**Source data**:
++++++++++

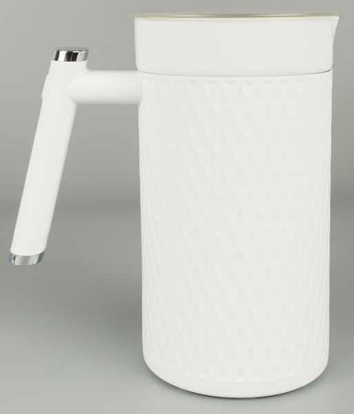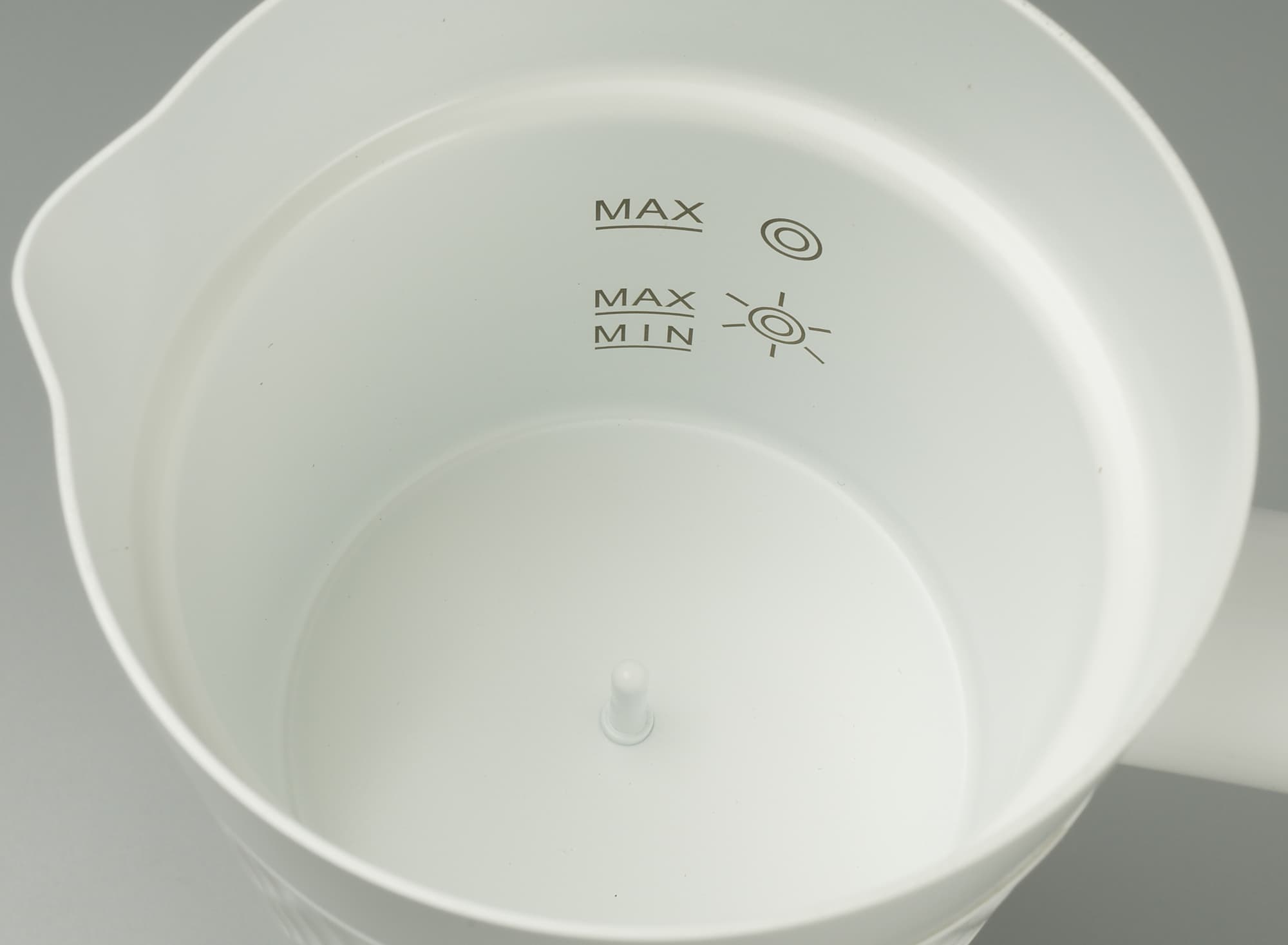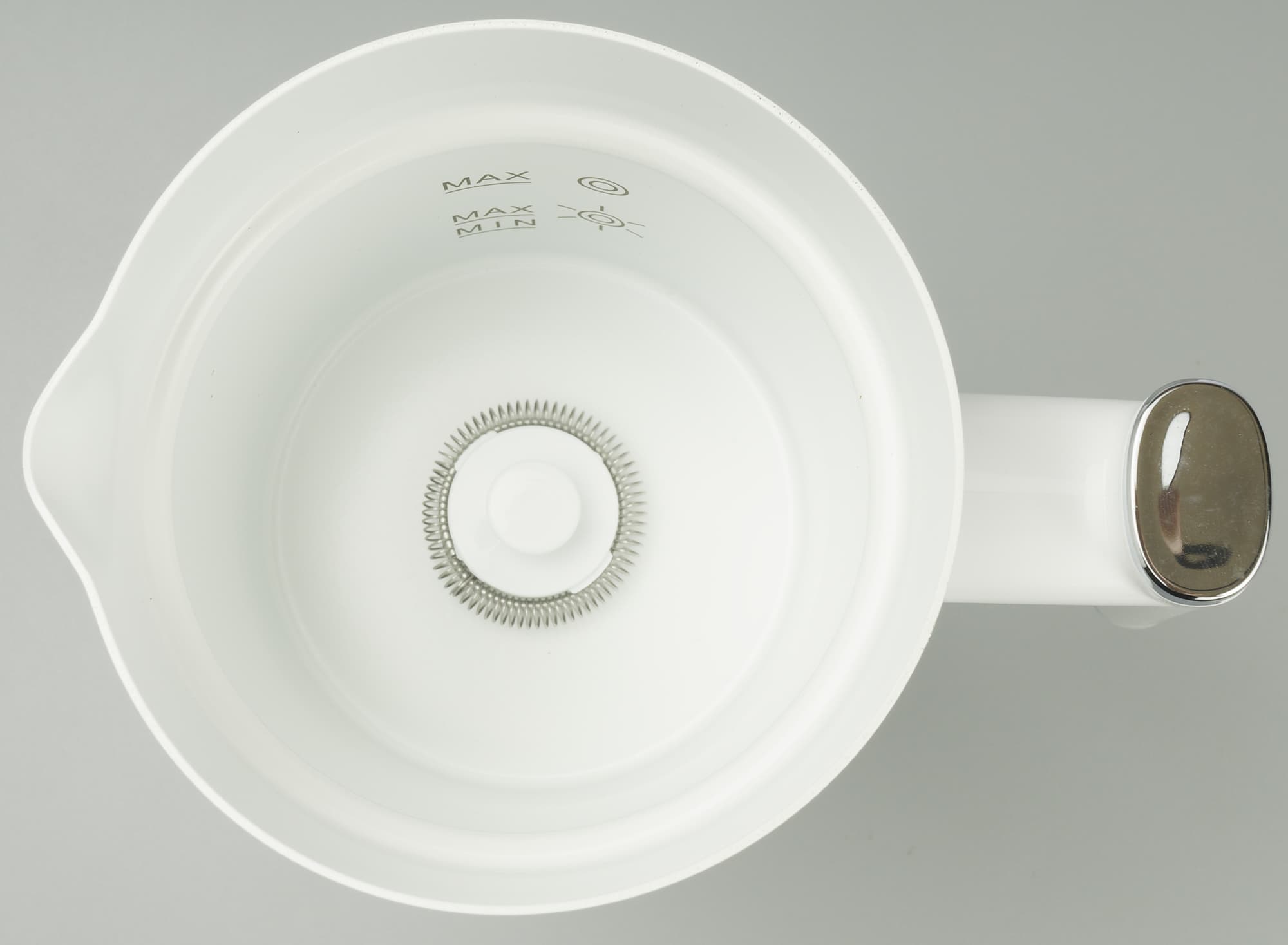 Внутренняя часть вспенивателя металлическая и покрыта антипригарным покрытием. Напротив ручки выделяется небольшой изгиб-носик. На боковых стенках нанесены отметки Max, соответствующие максимальному уровню молока для горячего вспенивания и подогрева молока, и отметка Min для минимального наполнения кувшина.
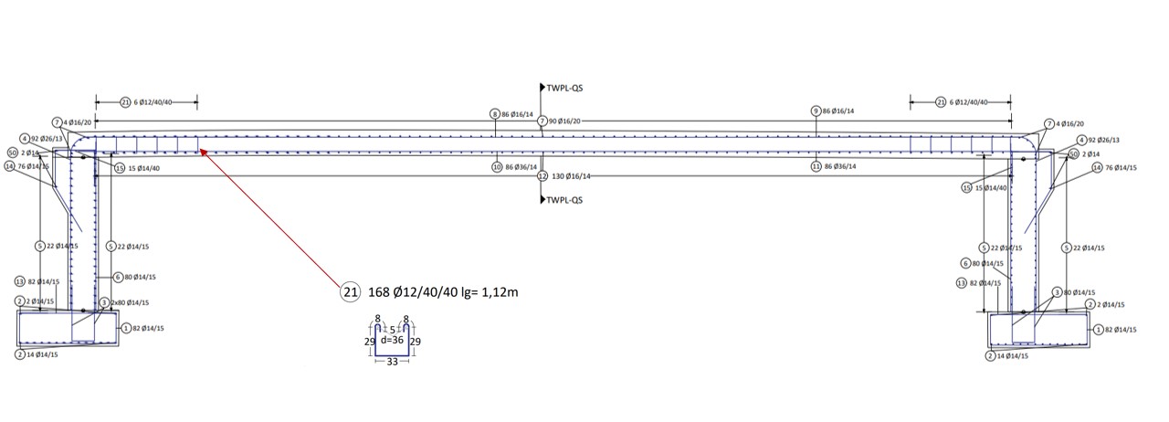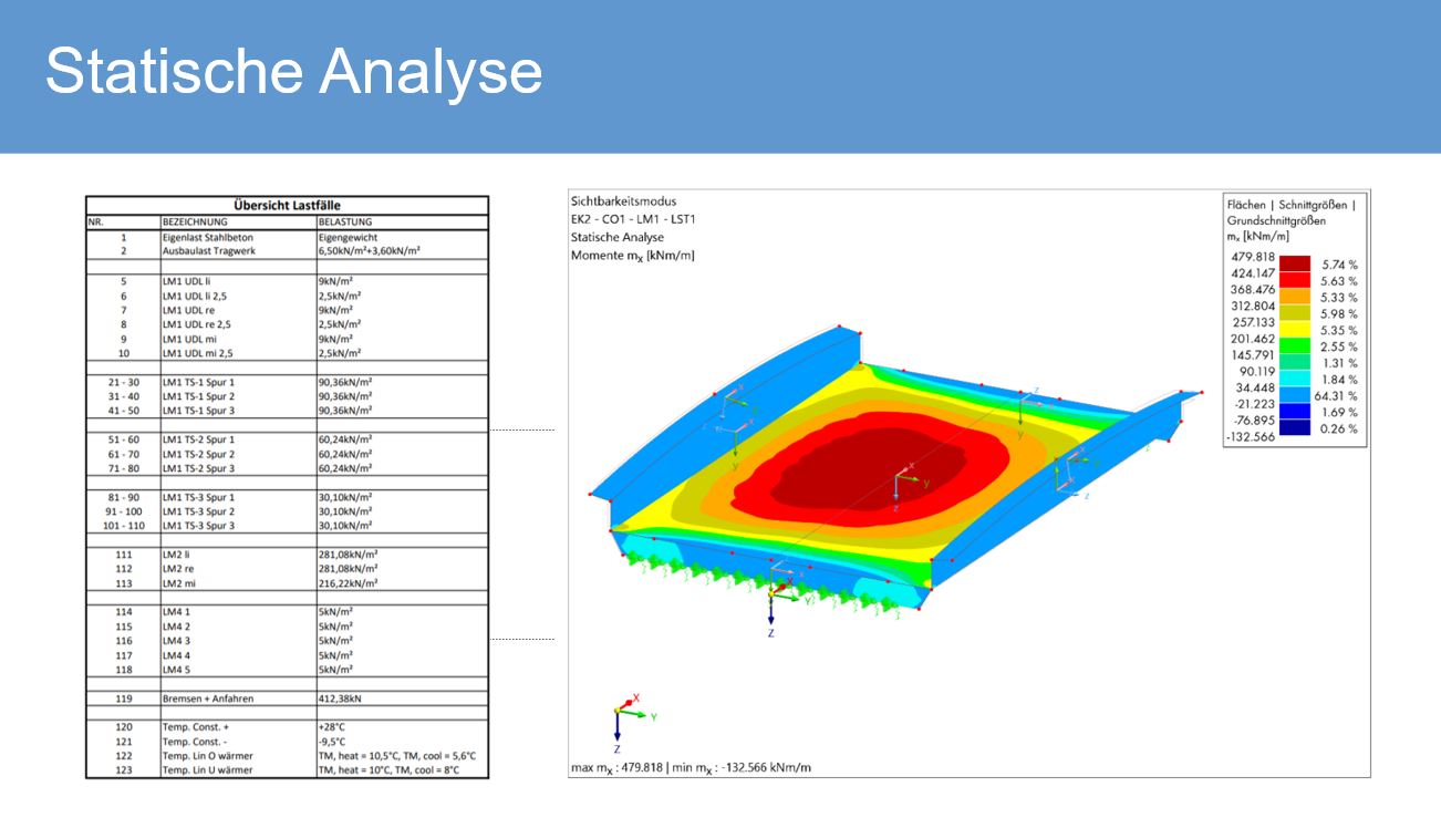 During the design phase, two different reinforced concrete variants of the bridge were agreed. The bridge superstructure was pre-measured with various calculation software and described constructively in the further course of this work. In addition, a possible underpass was planned. As a basis for the design of the structure, the static analysis of all effects on the bridge was required.
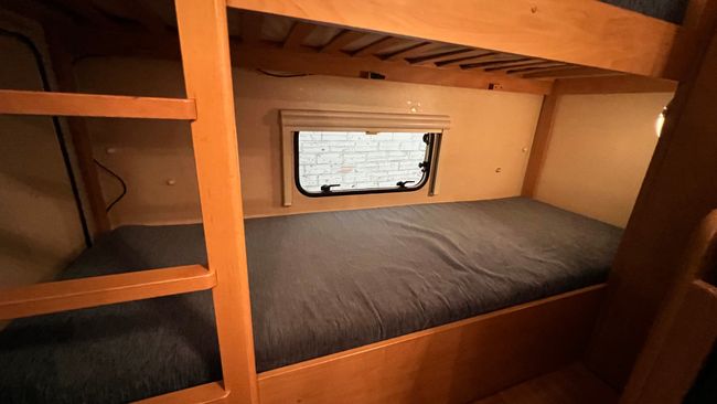 -3 ambientes: cama matrimonio, 2 literas y comedor convertible en cama doble
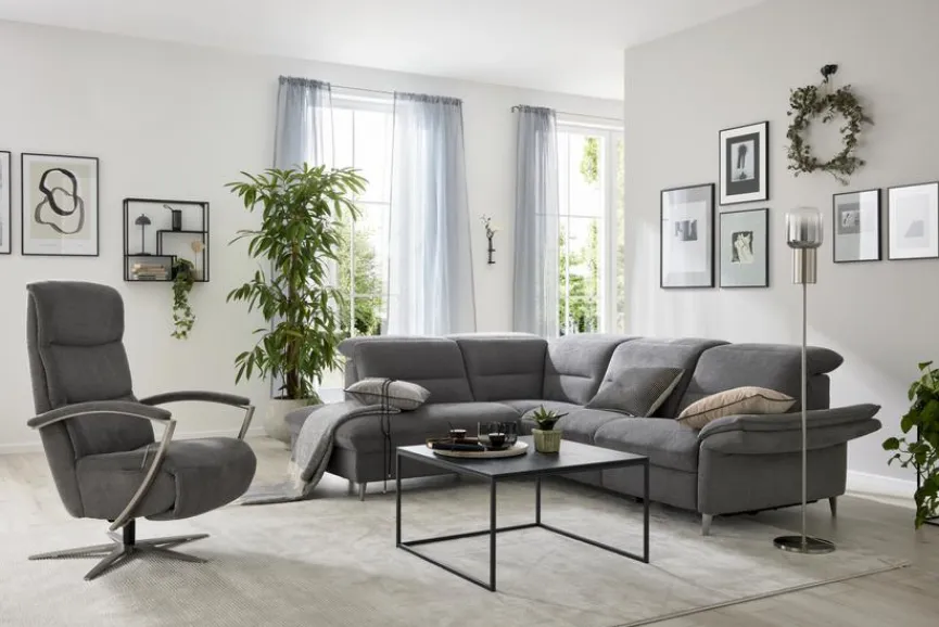 - Bezug aus Stoff (Belle) in grey, Metallsternfuß (AD4) mit Armlehnen in Edelstahloptik (2)

++++++++++

**About this exercise**: Leave out the pictures. Transcribe the rest of the listing above exactly.

**Exercise result**:
 Внутренняя часть вспенивателя металлическая и покрыта антипригарным покрытием. Напротив ручки выделяется небольшой изгиб-носик. На боковых стенках нанесены отметки Max, соответствующие максимальному уровню молока для горячего вспенивания и подогрева молока, и отметка Min для минимального наполнения кувшина.
 During the design phase, two different reinforced concrete variants of the bridge were agreed. The bridge superstructure was pre-measured with various calculation software and described constructively in the further course of this work. In addition, a possible underpass was planned. As a basis for the design of the structure, the static analysis of all effects on the bridge was required.
 -3 ambientes: cama matrimonio, 2 literas y comedor convertible en cama doble
 - Bezug aus Stoff (Belle) in grey, Metallsternfuß (AD4) mit Armlehnen in Edelstahloptik (2)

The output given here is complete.